Утро принесло удачу. Через пару часов после того, как Кадмил спустился с горы, его нагнала повозка. Молодой агрикос, виноградарь из Менидиона, вёз амфоры с вином, чтобы торговать на рынке у Длинных стен. Парень, похоже, страшно скучал в одиночестве и так обрадовался нежданному попутчику, что откупорил одну из амфор, приготовленных для продажи. Дорога показалась Кадмилу короткой, словно он не тащился по земле, а летел по воздуху, как встарь. Он болтал о том, о сём с виноградарем, потягивая вино, и незадолго до заката они въехали, распевая песни, в Ахарнийские ворота Афин. Кадмилу жалко было расставаться с дружелюбным агрикосом, и ещё жальче – с его амфорами. Но время не ждало. Он хотел скорей пуститься на поиски. Начать стоило с Пирейского порта: ведь именно там на них с Акрионом напали подосланные Эвникой разбойники.

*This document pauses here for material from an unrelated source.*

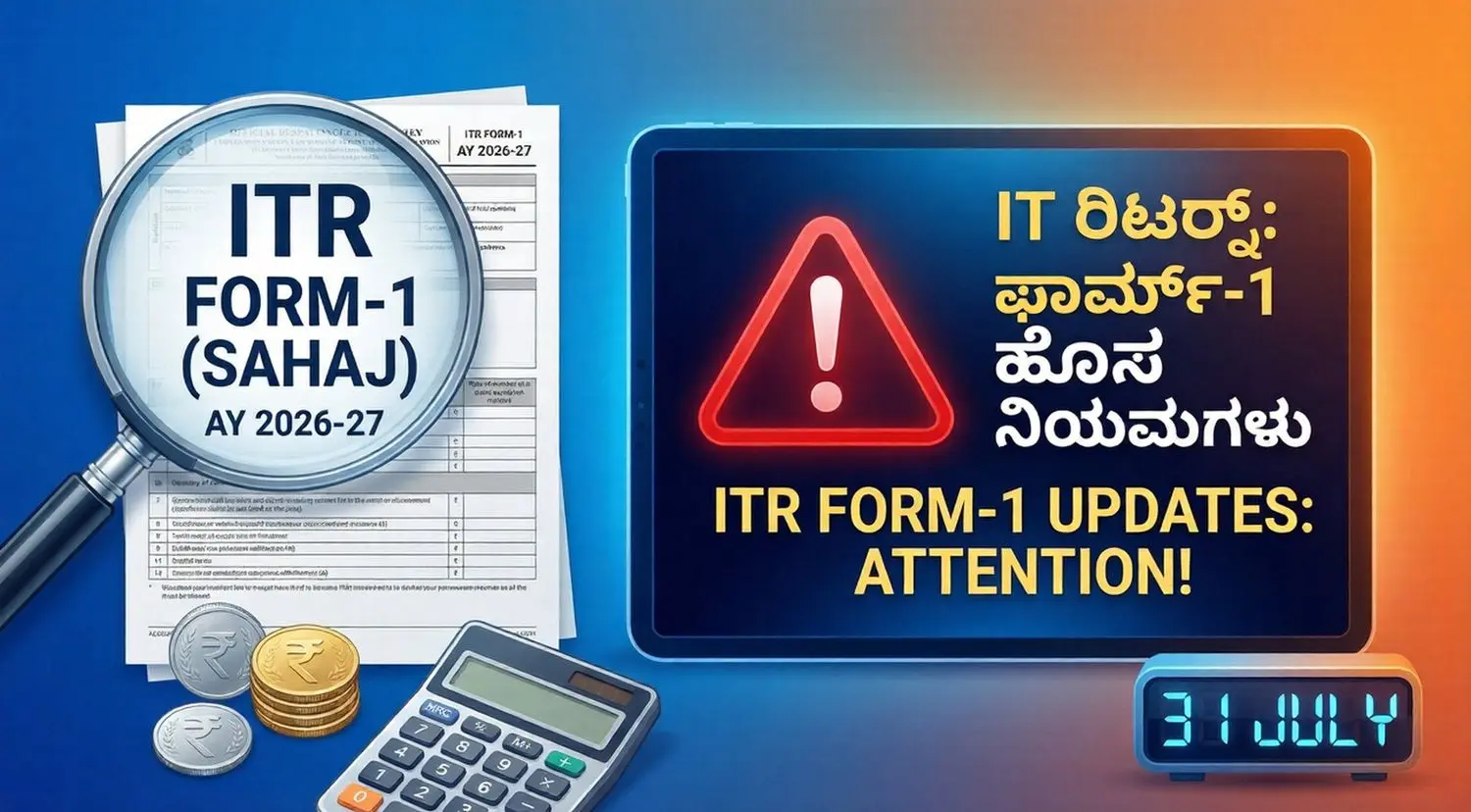 ಬೆಂಗಳೂರು: ಕೇಂದ್ರ ಸರ್ಕಾರವು 2025-26ರ ಹಣಕಾಸು ವರ್ಷಕ್ಕೆ (ಅಸೆಸ್ಮೆಂಟ್ ವರ್ಷ 2026-27) ಸಂಬಂಧಿಸಿದಂತೆ ಆದಾಯ ತೆರಿಗೆ ರಿಟರ್ನ್ (ITR) ಫಾರ್ಮ್ಗಳಲ್ಲಿ ಮಹತ್ವದ ಬದಲಾವಣೆಗಳನ್ನು ಮಾಡಿದೆ. ಏಪ್ರಿಲ್ 1, 2026 ರಿಂದ ಜಾರಿಗೆ ಬಂದಿರುವ ಹೊಸ ಆದಾಯ ತೆರಿಗೆ ಕಾಯ್ದೆಯನ್ವಯ, ಸಣ್ಣ ತೆರಿಗೆದಾರರು ಬಳಸುವ ಫಾರ್ಮ್-1 (ಸಹಜ್) ನಲ್ಲಿ ಕೆಲವು ಪ್ರಮುಖ ವಿನಾಯಿತಿ ಮತ್ತು ಕಟ್ಟುನಿಟ್ಟಿನ ನಿಯಮಗಳನ್ನು ತರಲಾಗಿದೆ. ನೀವು ತೆರಿಗೆ ಸಲ್ಲಿಸುವ ಮುನ್ನ ಈ ಕೆಳಗಿನ ಬದಲಾವಣೆಗಳನ್ನು ಗಮನಿಸದಿದ್ದರೆ ಆದಾಯ ತೆರಿಗೆ ಇಲಾಖೆಯಿಂದ ನೋಟಿಸ್ ಪಡೆಯುವ ಸಾಧ್ಯತೆ ಇರುತ್ತದೆ.
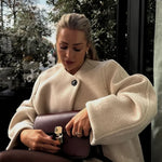 Cappotto a maniche lunghe con revers in lana d'agnello

Несмотря на довольно позднее время, порт был полон людьми. У причала стоял под разгрузкой огромный лемб, рабы выводили из трюма лошадей и спускали по трапу на берег. Лошади выражали протест. От конского ржания, стука копыт, человеческой брани, воплей чаек и прочего гвалта можно было оглохнуть. Тут же бродили разносчики еды, прохаживались дешёвые порнаи, сновали какие-то скользкие личности в обтрёпанной одежде. Из храмов пованивало горелым мясом – моряки приносили жертвы, благодаря богов за счастливое возвращение из похода.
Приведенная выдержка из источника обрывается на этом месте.